EXERCISE GOAL
Nothing but the text belongs in the answer: the listing below, copied exactly, without pictures.

INPUT DATA
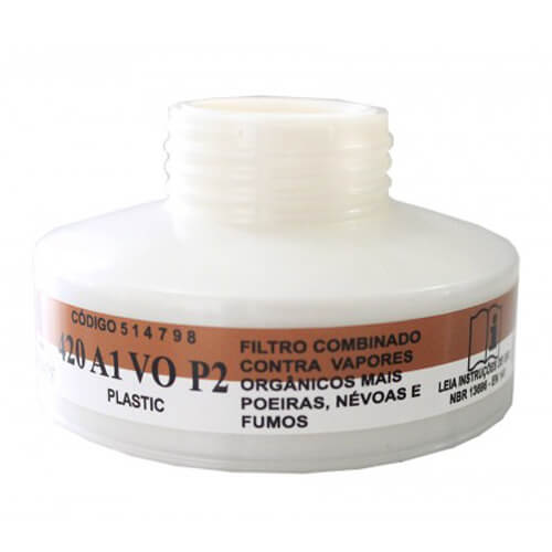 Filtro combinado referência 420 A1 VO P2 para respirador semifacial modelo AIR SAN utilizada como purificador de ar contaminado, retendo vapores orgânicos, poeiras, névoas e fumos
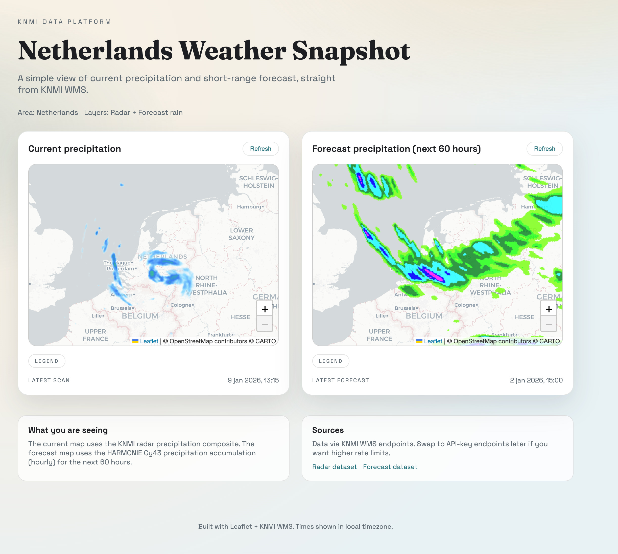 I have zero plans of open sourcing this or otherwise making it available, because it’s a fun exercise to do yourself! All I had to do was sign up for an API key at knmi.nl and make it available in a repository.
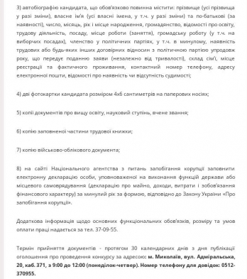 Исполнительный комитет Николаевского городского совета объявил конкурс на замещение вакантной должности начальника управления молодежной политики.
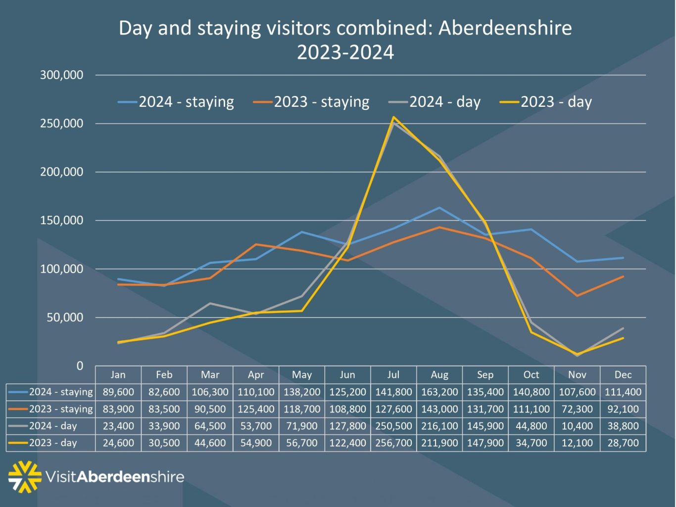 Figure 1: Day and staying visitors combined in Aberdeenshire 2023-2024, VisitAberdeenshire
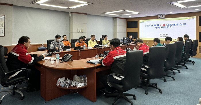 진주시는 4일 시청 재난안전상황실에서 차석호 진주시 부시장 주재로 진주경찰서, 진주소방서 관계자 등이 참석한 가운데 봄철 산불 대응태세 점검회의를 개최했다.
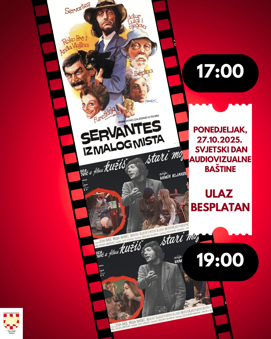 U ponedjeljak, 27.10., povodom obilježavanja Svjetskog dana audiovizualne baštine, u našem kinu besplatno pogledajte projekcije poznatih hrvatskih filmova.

RESPONSE TO THE EXERCISE
 Filtro combinado referência 420 A1 VO P2 para respirador semifacial modelo AIR SAN utilizada como purificador de ar contaminado, retendo vapores orgânicos, poeiras, névoas e fumos
 I have zero plans of open sourcing this or otherwise making it available, because it’s a fun exercise to do yourself! All I had to do was sign up for an API key at knmi.nl and make it available in a repository.
 Исполнительный комитет Николаевского городского совета объявил конкурс на замещение вакантной должности начальника управления молодежной политики.
 Figure 1: Day and staying visitors combined in Aberdeenshire 2023-2024, VisitAberdeenshire
 진주시는 4일 시청 재난안전상황실에서 차석호 진주시 부시장 주재로 진주경찰서, 진주소방서 관계자 등이 참석한 가운데 봄철 산불 대응태세 점검회의를 개최했다.
 U ponedjeljak, 27.10., povodom obilježavanja Svjetskog dana audiovizualne baštine, u našem kinu besplatno pogledajte projekcije poznatih hrvatskih filmova.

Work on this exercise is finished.